*Problem to solve:* Retype all the records below exactly as they are, with no image carried over.

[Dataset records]
● ● ● ●

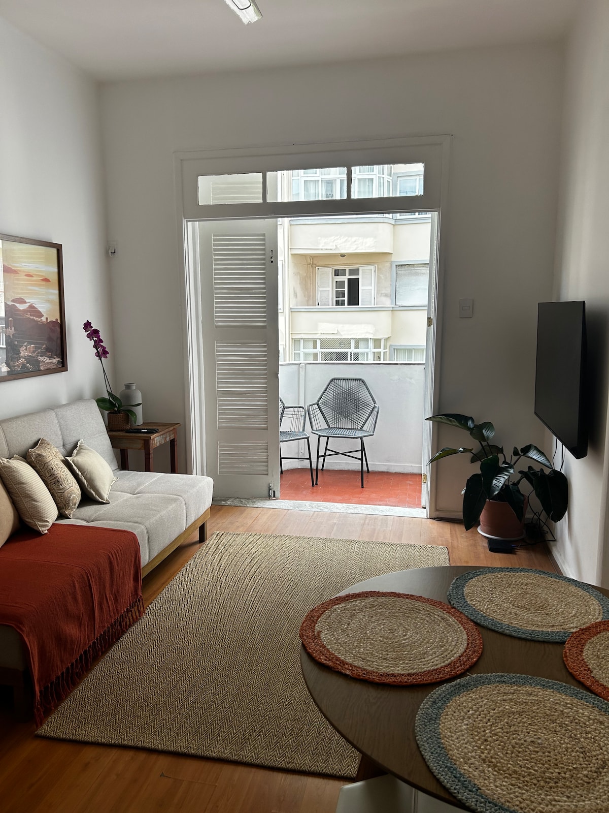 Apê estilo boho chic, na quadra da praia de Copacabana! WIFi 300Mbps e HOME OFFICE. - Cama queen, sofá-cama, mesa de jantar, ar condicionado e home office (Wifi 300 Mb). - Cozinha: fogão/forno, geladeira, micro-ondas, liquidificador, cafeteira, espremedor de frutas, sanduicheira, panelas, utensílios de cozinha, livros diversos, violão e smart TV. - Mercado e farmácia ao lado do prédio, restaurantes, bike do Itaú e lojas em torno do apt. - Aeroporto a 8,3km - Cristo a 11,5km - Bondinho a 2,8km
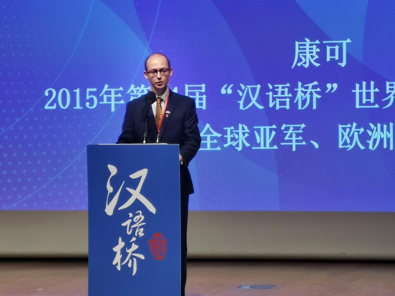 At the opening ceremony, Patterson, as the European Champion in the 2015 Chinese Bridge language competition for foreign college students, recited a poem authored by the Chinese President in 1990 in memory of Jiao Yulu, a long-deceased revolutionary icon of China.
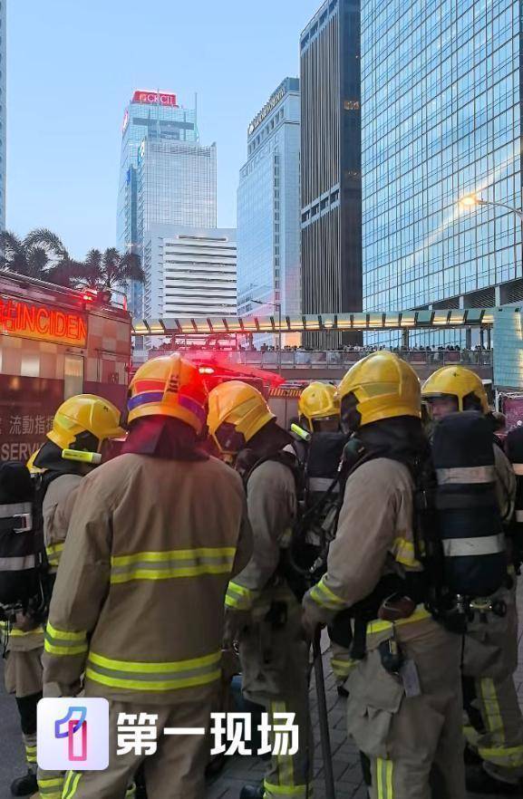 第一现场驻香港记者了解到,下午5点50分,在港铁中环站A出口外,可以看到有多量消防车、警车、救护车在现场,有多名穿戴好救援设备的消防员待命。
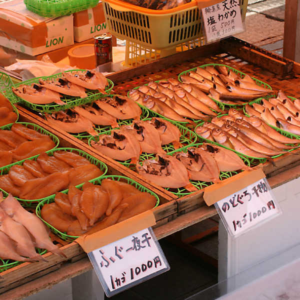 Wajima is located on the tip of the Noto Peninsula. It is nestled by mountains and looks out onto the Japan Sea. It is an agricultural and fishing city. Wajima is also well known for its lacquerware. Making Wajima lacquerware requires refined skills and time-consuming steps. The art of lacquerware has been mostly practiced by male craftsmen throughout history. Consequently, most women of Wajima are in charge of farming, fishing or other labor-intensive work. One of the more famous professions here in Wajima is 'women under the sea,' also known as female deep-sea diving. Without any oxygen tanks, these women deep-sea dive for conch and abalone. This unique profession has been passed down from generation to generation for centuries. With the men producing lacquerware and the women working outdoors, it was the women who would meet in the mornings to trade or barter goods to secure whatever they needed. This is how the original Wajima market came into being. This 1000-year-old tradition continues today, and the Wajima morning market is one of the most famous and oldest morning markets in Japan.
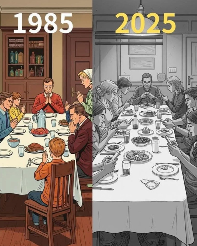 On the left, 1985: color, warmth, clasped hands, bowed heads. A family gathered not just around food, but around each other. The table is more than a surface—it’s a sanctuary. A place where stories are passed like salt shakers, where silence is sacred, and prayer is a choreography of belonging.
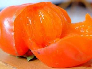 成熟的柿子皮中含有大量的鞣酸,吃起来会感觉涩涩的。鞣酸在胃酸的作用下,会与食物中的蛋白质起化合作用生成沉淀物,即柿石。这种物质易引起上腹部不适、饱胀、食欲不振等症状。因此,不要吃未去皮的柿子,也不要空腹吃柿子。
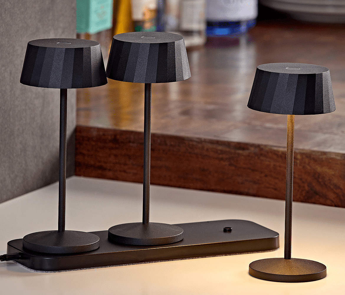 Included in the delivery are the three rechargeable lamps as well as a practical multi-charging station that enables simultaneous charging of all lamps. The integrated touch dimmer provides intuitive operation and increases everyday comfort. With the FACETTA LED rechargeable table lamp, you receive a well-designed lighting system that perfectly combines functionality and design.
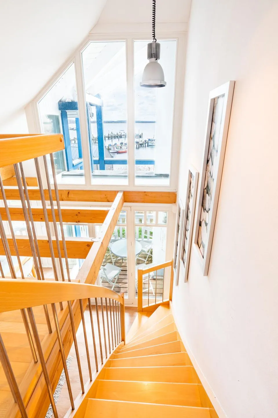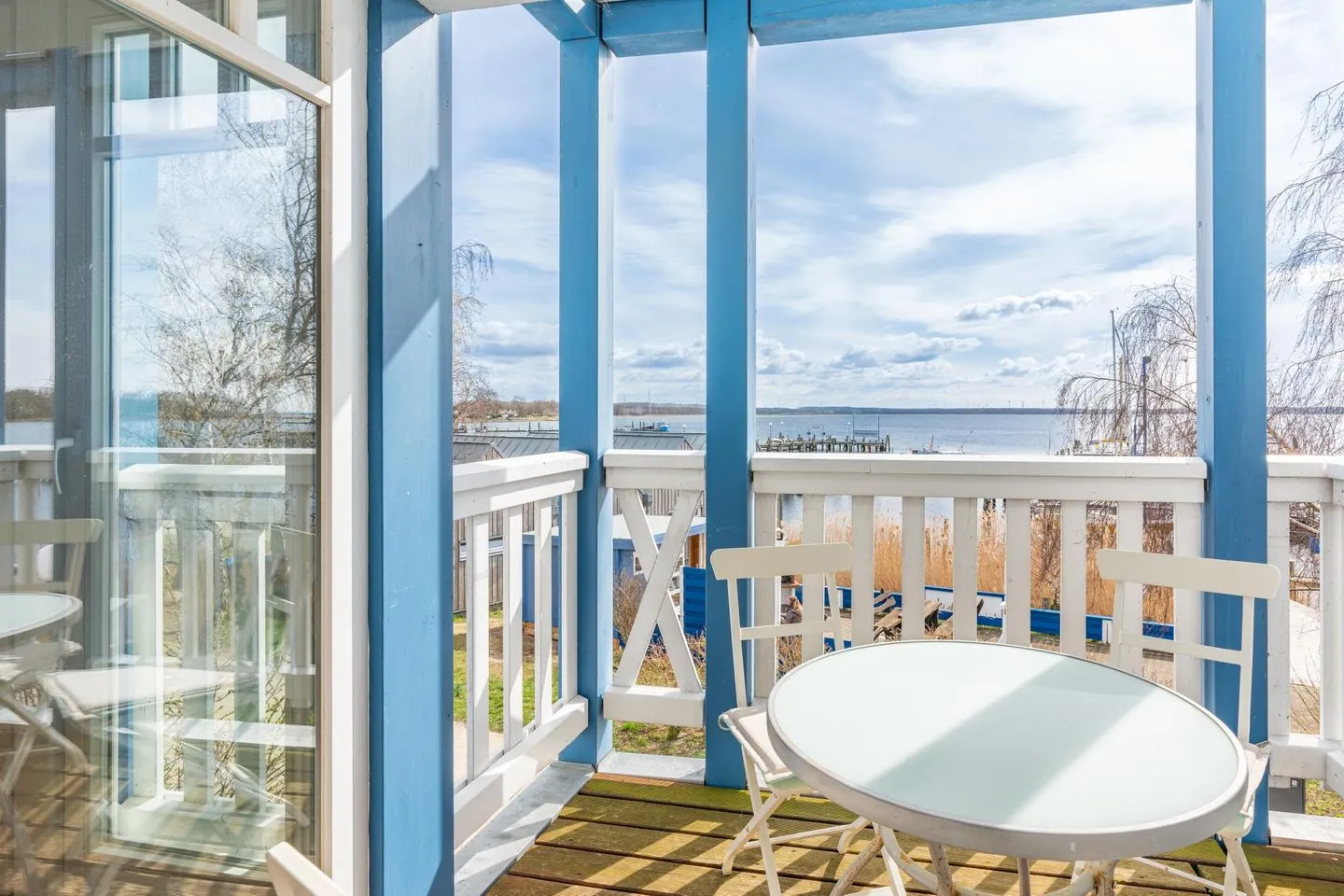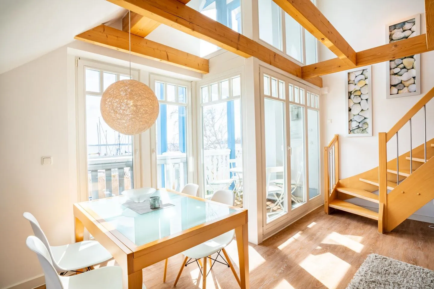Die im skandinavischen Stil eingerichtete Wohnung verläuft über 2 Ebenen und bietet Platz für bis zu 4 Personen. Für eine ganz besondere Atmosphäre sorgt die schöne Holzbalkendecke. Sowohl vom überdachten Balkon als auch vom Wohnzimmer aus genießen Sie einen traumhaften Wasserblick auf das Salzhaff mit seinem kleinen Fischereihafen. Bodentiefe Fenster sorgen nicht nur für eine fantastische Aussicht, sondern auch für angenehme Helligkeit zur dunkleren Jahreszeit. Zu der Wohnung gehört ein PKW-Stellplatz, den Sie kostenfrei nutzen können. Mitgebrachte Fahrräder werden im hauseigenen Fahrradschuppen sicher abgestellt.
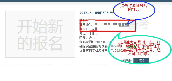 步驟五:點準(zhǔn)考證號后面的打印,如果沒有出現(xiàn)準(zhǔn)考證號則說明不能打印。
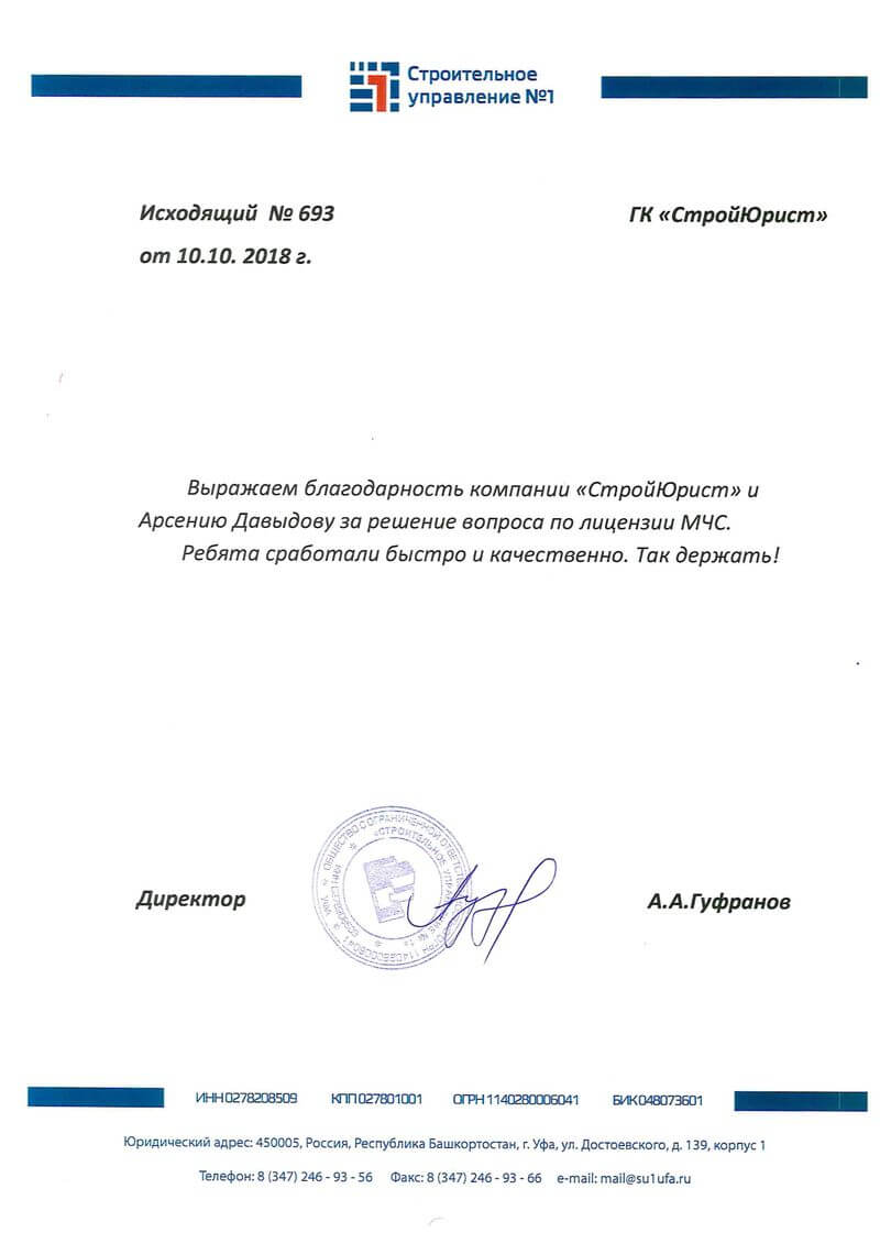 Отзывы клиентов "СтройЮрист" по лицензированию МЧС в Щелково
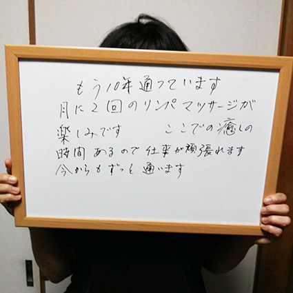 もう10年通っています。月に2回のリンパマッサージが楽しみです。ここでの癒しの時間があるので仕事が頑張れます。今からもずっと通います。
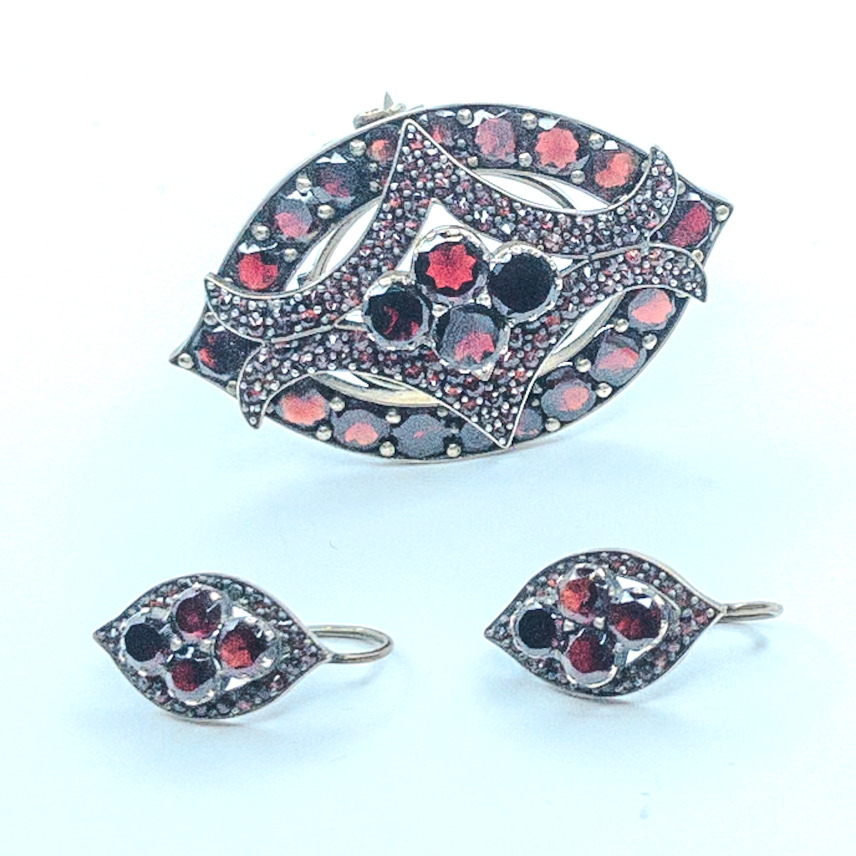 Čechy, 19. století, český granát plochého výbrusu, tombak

● ● ● ●

*Solution for this task:*
 Apê estilo boho chic, na quadra da praia de Copacabana! WIFi 300Mbps e HOME OFFICE. - Cama queen, sofá-cama, mesa de jantar, ar condicionado e home office (Wifi 300 Mb). - Cozinha: fogão/forno, geladeira, micro-ondas, liquidificador, cafeteira, espremedor de frutas, sanduicheira, panelas, utensílios de cozinha, livros diversos, violão e smart TV. - Mercado e farmácia ao lado do prédio, restaurantes, bike do Itaú e lojas em torno do apt. - Aeroporto a 8,3km - Cristo a 11,5km - Bondinho a 2,8km
 At the opening ceremony, Patterson, as the European Champion in the 2015 Chinese Bridge language competition for foreign college students, recited a poem authored by the Chinese President in 1990 in memory of Jiao Yulu, a long-deceased revolutionary icon of China.
 第一现场驻香港记者了解到,下午5点50分,在港铁中环站A出口外,可以看到有多量消防车、警车、救护车在现场,有多名穿戴好救援设备的消防员待命。
 Wajima is located on the tip of the Noto Peninsula. It is nestled by mountains and looks out onto the Japan Sea. It is an agricultural and fishing city. Wajima is also well known for its lacquerware. Making Wajima lacquerware requires refined skills and time-consuming steps. The art of lacquerware has been mostly practiced by male craftsmen throughout history. Consequently, most women of Wajima are in charge of farming, fishing or other labor-intensive work. One of the more famous professions here in Wajima is 'women under the sea,' also known as female deep-sea diving. Without any oxygen tanks, these women deep-sea dive for conch and abalone. This unique profession has been passed down from generation to generation for centuries. With the men producing lacquerware and the women working outdoors, it was the women who would meet in the mornings to trade or barter goods to secure whatever they needed. This is how the original Wajima market came into being. This 1000-year-old tradition continues today, and the Wajima morning market is one of the most famous and oldest morning markets in Japan.
 On the left, 1985: color, warmth, clasped hands, bowed heads. A family gathered not just around food, but around each other. The table is more than a surface—it’s a sanctuary. A place where stories are passed like salt shakers, where silence is sacred, and prayer is a choreography of belonging.
 成熟的柿子皮中含有大量的鞣酸,吃起来会感觉涩涩的。鞣酸在胃酸的作用下,会与食物中的蛋白质起化合作用生成沉淀物,即柿石。这种物质易引起上腹部不适、饱胀、食欲不振等症状。因此,不要吃未去皮的柿子,也不要空腹吃柿子。
 Included in the delivery are the three rechargeable lamps as well as a practical multi-charging station that enables simultaneous charging of all lamps. The integrated touch dimmer provides intuitive operation and increases everyday comfort. With the FACETTA LED rechargeable table lamp, you receive a well-designed lighting system that perfectly combines functionality and design.
Die im skandinavischen Stil eingerichtete Wohnung verläuft über 2 Ebenen und bietet Platz für bis zu 4 Personen. Für eine ganz besondere Atmosphäre sorgt die schöne Holzbalkendecke. Sowohl vom überdachten Balkon als auch vom Wohnzimmer aus genießen Sie einen traumhaften Wasserblick auf das Salzhaff mit seinem kleinen Fischereihafen. Bodentiefe Fenster sorgen nicht nur für eine fantastische Aussicht, sondern auch für angenehme Helligkeit zur dunkleren Jahreszeit. Zu der Wohnung gehört ein PKW-Stellplatz, den Sie kostenfrei nutzen können. Mitgebrachte Fahrräder werden im hauseigenen Fahrradschuppen sicher abgestellt.
 步驟五:點準(zhǔn)考證號后面的打印,如果沒有出現(xiàn)準(zhǔn)考證號則說明不能打印。
 Отзывы клиентов "СтройЮрист" по лицензированию МЧС в Щелково
 もう10年通っています。月に2回のリンパマッサージが楽しみです。ここでの癒しの時間があるので仕事が頑張れます。今からもずっと通います。
 Čechy, 19. století, český granát plochého výbrusu, tombak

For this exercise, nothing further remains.